Neighbor to the park, Alex LaSieur, said there is no lighting at the park and he believes if there were chains on the gates, it would work to discourage kids and young adults from going in there.


“They wouldn’t climb over the fence because if police pulled up, they would be caught inside the fence,” LaSieur said.


Currently, the Lac Courte Oreilles Ojibwe School is getting a new playground. The LCO TGB approved committing $200,000 to the playground from the Community Investment account that was created from the new contract renewal with Cane Bay Partners and LCO Financial Services. The LCO School is committing another $60,000.


LCO Development will be tearing down the current school playground and placing it in two other locations. The LCO Tribal Government said it’s considering New Post and Skunawong to each have a playground from the current school equipment.


Jessica “Hutch” Hutchinson, the LCO School Director, said as soon as the road bans are lifted, the work on the new playground would begin. “It would take about a month for LCO Development to get the equipment up and moved.”


The goal is to have park in by mid-June and landscaping all completed before Honor the Earth in mid-July, Hutch noted.


“Not only does the school use the playground, but so does the Boys and Girls Club and the community uses it in the off-school hours and in the summer,” Hutch said.


Corbin said Arnold Crone, manager of the LCO Country Store, is considering “Adopting” the park at Akikiindaag community, and two other local organizations would be asked to “Adopt” the New Post and Skunawong parks.


The guys who helped clean up the Drytown park included Devin Villebrun, Chris Melby and Zach Handl from the Gwayako Bimaadiziwin program, or Living the Right Kind of Life, a new program at Lac Courte Oreilles that focuses on improving the lives of young Native men through learning their cultural identity and traditions.


The program started with a three-year grant in the amount of $260,342, through the Native Youth Initiative for Leadership, Empowerment, and Development (ILEAD).


Luanne Kolumbus, director of the program, explained the initiative as a strengths-based program to improve the lives of young men by strengthening Ojibwe identity and resiliency.

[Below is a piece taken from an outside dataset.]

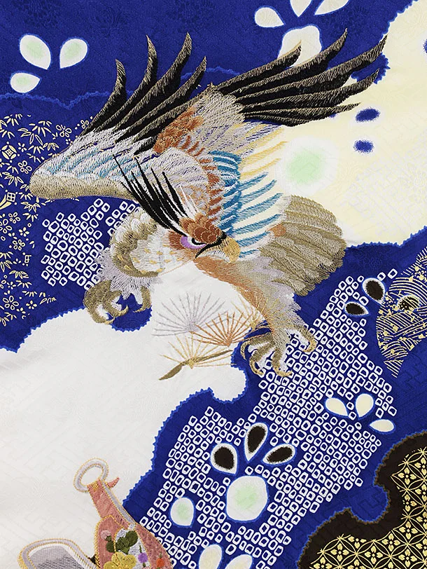 男児産着 お宮参りレンタル2302 ブルー地 刺繍鷹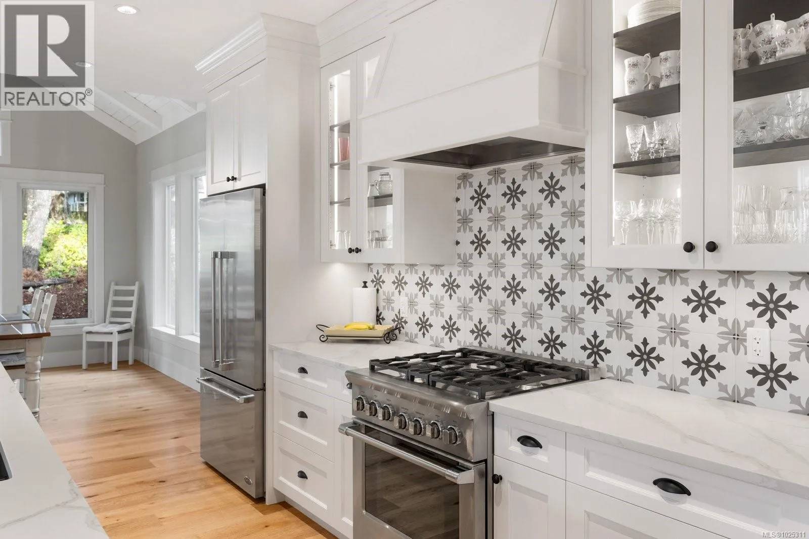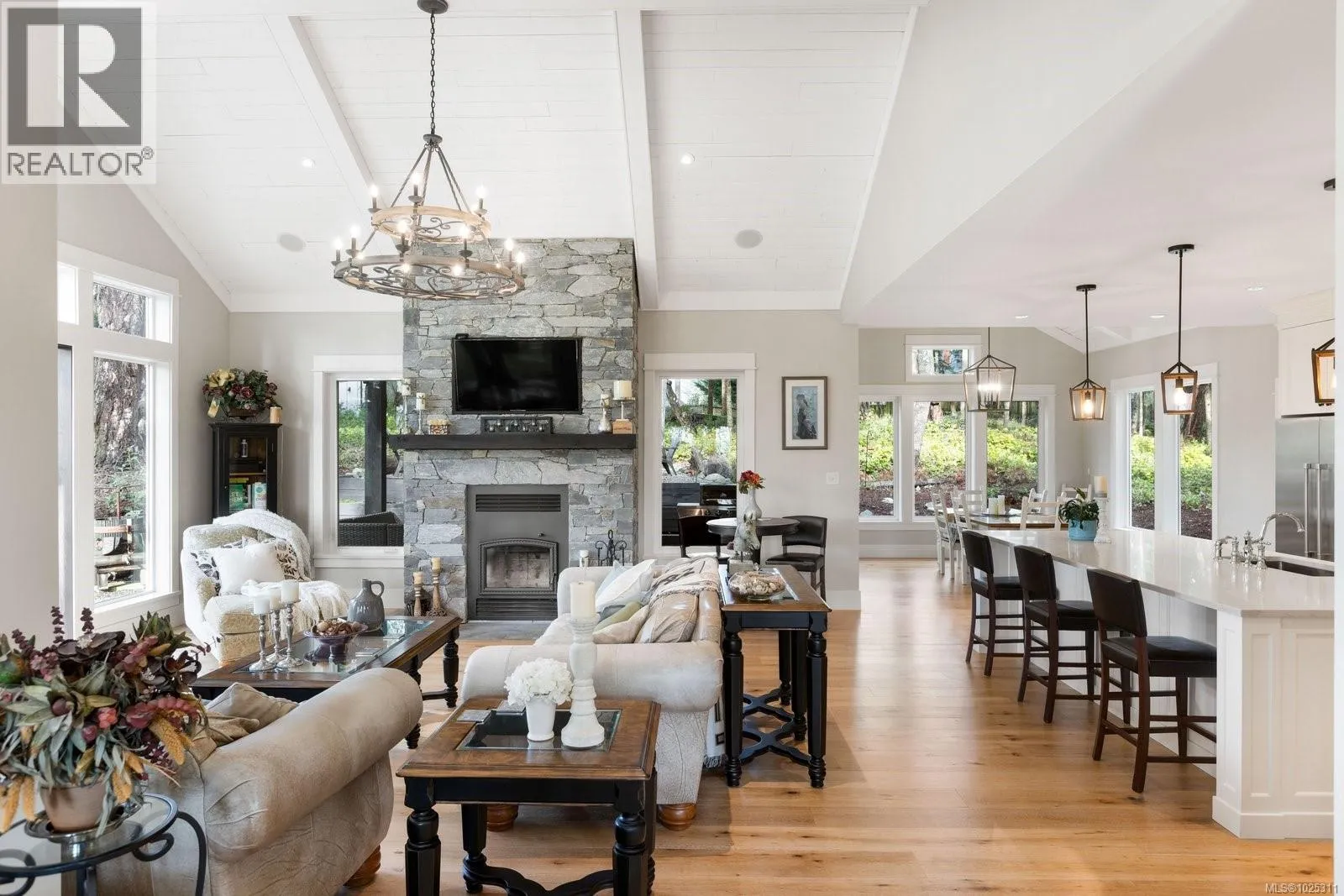 Set on a private, sun-filled 0.84-acre lot in sought-after Deep Cove, this custom home offers over 4,000 sq.ft. of beautifully finished living space just steps from swimmable beaches, schools, parks, and hiking trails. Designed for effortless main-level living, the home features a stunning primary suite with a spacious walk-in closet and spa-inspired ensuite with a freestanding soaker tub and generous shower. The open-concept living area showcases 15â vaulted ceilings, expansive windows, and a seamless flow into the entertainerâs kitchen with walk-in pantry and wet bar. Upstairs offers two additional bedrooms and flexible family space. A self-contained one-bedroom suite provides excellent income or in-law potential. Additional highlights include an oversized triple-car garage with workshop, multiple outdoor patios, and a quiet, private setting. Move-in ready and impeccably maintained, this timeless home offers modern comforts, exceptional privacy, and sun-filled living in a premier North Saanich location. (id:27476)

The program aims to connect 25 young men with their cultural traditions through seasonal subsistence activities and also address unresolved trauma through trauma-informed group therapy.


“Each of the guys has created a Life Plan where they write down where they want to go in life, or what is their current state of being,” Kolumbus said. “It’s a big part of the program and was a requirement of the grant.”


Kolumbus said that part of the Life Plan is they learn employment skills, independent living skills, and they are taught to be respectful.


Jason Martin also works with Kolumbus, and she said he is a mentor to the guys.


“They depend on Jason a lot. When they have troubles they know they can talk to him, sometimes for hours,” Kolumbus said. “Some of the guys have even volunteered to join the LCO Fire Department and are going through training.”


Martin is the assistant chief at the fire department.